### EXERCISE REQUIREMENTS
Exact reproduction of the data is required, with images excluded.

### DATA PROVIDED
**********

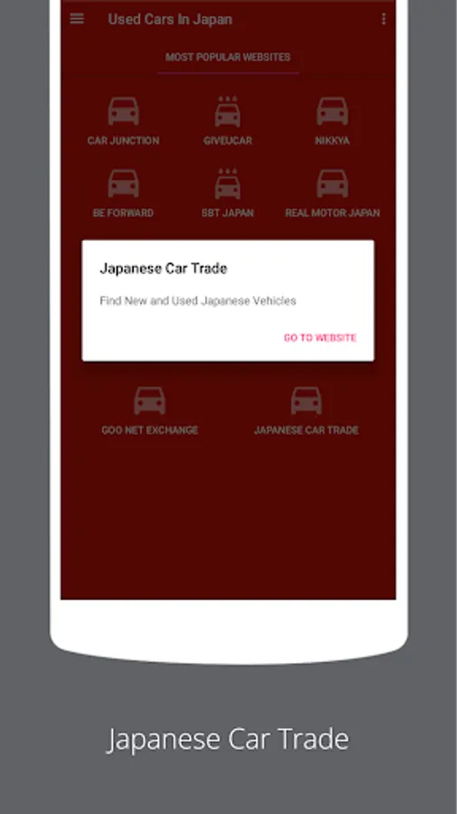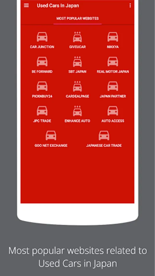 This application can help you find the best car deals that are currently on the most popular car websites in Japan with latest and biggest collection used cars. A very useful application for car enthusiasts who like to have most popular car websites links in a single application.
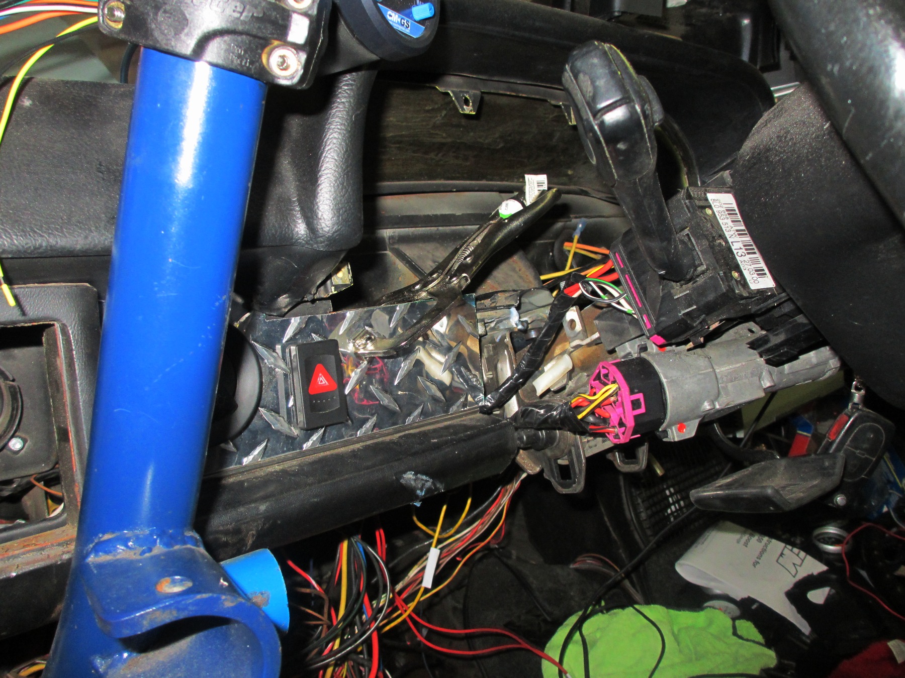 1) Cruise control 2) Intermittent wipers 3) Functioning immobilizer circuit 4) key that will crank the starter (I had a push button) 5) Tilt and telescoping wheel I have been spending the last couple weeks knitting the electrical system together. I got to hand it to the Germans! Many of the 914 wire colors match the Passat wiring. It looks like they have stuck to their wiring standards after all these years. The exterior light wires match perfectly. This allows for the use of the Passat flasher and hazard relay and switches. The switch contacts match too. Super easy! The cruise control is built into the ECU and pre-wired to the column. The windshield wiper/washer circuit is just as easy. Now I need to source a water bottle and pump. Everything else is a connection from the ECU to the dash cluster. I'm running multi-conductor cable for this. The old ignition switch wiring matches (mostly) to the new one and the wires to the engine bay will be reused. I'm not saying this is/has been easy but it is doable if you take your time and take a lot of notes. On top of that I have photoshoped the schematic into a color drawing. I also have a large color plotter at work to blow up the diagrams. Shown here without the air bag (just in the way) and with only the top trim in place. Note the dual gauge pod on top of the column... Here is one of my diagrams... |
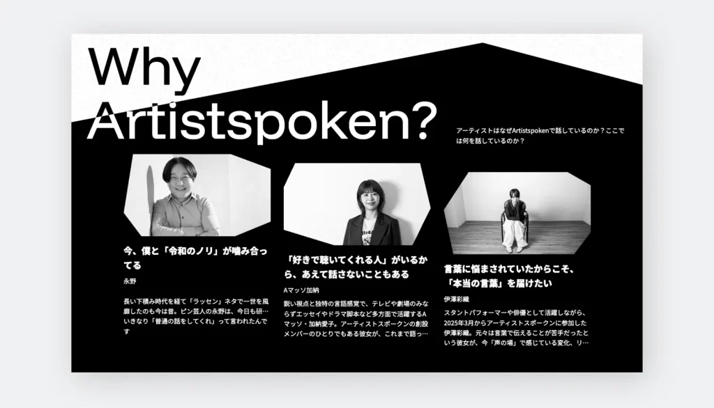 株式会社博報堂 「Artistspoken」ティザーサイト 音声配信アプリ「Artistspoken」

**********

### PROBLEM SOLUTION
 This application can help you find the best car deals that are currently on the most popular car websites in Japan with latest and biggest collection used cars. A very useful application for car enthusiasts who like to have most popular car websites links in a single application.
 1) Cruise control 2) Intermittent wipers 3) Functioning immobilizer circuit 4) key that will crank the starter (I had a push button) 5) Tilt and telescoping wheel I have been spending the last couple weeks knitting the electrical system together. I got to hand it to the Germans! Many of the 914 wire colors match the Passat wiring. It looks like they have stuck to their wiring standards after all these years. The exterior light wires match perfectly. This allows for the use of the Passat flasher and hazard relay and switches. The switch contacts match too. Super easy! The cruise control is built into the ECU and pre-wired to the column. The windshield wiper/washer circuit is just as easy. Now I need to source a water bottle and pump. Everything else is a connection from the ECU to the dash cluster. I'm running multi-conductor cable for this. The old ignition switch wiring matches (mostly) to the new one and the wires to the engine bay will be reused. I'm not saying this is/has been easy but it is doable if you take your time and take a lot of notes. On top of that I have photoshoped the schematic into a color drawing. I also have a large color plotter at work to blow up the diagrams. Shown here without the air bag (just in the way) and with only the top trim in place. Note the dual gauge pod on top of the column... Here is one of my diagrams... |
 株式会社博報堂 「Artistspoken」ティザーサイト 音声配信アプリ「Artistspoken」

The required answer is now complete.